The unspoken and unsigned truce with Asgard, the safety that having been beaten down to nothing provided the people as they watched the ice age wear on and listened to the misborn cry their way to the feasthall, was gone.

It was only a matter of days before the two sons of Odin and their friends - so small a force from so small a people - came to Jotunheim.

The younger son with the silver-tongue, the one called Loki, managed to almost talk his brother into leaving when Laufey offered them the chance.

He had lost enough a thousand years ago. He could bear to lose no more, especially not to the house of Odin. He struggled onward, but he would not struggle against Odin again unless his hand was forced.

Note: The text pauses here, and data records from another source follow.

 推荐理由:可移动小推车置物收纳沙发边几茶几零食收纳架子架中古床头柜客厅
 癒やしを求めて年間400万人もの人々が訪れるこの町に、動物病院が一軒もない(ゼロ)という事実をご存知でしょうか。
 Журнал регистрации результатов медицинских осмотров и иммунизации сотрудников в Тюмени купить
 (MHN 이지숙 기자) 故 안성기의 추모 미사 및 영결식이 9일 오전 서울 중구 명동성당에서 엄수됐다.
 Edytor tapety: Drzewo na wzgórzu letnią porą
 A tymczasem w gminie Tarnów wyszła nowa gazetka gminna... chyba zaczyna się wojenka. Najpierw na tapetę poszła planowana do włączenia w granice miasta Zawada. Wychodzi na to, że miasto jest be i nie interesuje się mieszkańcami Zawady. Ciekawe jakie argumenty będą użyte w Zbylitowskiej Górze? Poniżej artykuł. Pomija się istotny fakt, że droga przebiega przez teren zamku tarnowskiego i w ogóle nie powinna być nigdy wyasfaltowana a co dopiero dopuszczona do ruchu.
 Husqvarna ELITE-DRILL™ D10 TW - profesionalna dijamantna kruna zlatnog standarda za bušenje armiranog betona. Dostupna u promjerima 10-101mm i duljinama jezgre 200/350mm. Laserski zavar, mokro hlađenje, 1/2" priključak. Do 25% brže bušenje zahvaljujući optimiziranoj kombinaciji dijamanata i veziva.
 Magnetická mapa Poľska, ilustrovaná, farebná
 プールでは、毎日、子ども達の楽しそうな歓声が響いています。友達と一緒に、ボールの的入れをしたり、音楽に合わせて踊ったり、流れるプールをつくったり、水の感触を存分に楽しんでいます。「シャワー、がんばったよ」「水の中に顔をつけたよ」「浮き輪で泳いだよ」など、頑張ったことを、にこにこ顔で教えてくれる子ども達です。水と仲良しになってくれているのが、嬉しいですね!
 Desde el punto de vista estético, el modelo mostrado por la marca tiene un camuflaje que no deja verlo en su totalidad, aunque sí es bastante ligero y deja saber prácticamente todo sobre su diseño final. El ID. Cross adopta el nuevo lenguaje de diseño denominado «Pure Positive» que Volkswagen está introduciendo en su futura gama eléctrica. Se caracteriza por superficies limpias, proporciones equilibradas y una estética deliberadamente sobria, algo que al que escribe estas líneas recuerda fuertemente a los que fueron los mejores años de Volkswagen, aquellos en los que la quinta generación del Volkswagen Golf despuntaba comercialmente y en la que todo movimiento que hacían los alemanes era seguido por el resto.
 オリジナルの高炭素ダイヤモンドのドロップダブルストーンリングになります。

But then the brother of one of the slain had to get involved.

The Asgardians fought bravely, but they were outnumbered.

The Jotun had nearly taken their revenge at long last for everything when Odin arrived.

And it was truth when Laufey told Odin the situation was past diplomacy. It had always been past diplomacy. When one side steals a dying newborn from the other, what diplomacy is there to be had?

But then, when the Asgardians were gone back to their city of no wants or needs and Laufey's family was gathering to care for their own injured, the youngest of his sons with Ulfr had a tale to tell.

"I grabbed the arm of the Odinson who stabbed me," Reifr told them as Ulfr helped bind his wound. "I tried to frostburn him, but it did not work!"

Laufey was confused. "How could that not work? He is Asgardian, as Asgardian as Odin!"

Reifr shook his head. "His skin turned as blue as my own, and he bore our family's markings on his wrist when it happened. He was as surprised as I, maybe more so. He did not know that could happen. I swear it."

Ulfr breathed, "His age. Laufey..."

"You know the law. Do not say it." It was their law no one could claim to be the misborn of a family and no one could claim someone as a misborn of their family. It kept outsiders from the few tribes that clung to uncivilized ways from deceiving their way into power through the hearts of the bereft.

But Laufey thought it must be true. Lofi was the only misborn of that century who had not been buried in the ground under the witnessing gaze of his people. Odin had opportunity, and hadn't Laufey been overwhelmed with fear at the time that Odin would try to save Lofi's life and so deny him both the feasthall and Farbauti?

Farbauti, our son is alive. Alive and struggling, small but a fighter, and bold so bold... and a pain in my lower back, but what son is not?

"What do we do?" Reifr asked. "There's no way he understands, the shock in his eyes..."

Laufey held up a hand. "We wait. We wait and see what he and the Asgardians do next."

And that's just what the house of Laufey and Ulfr did.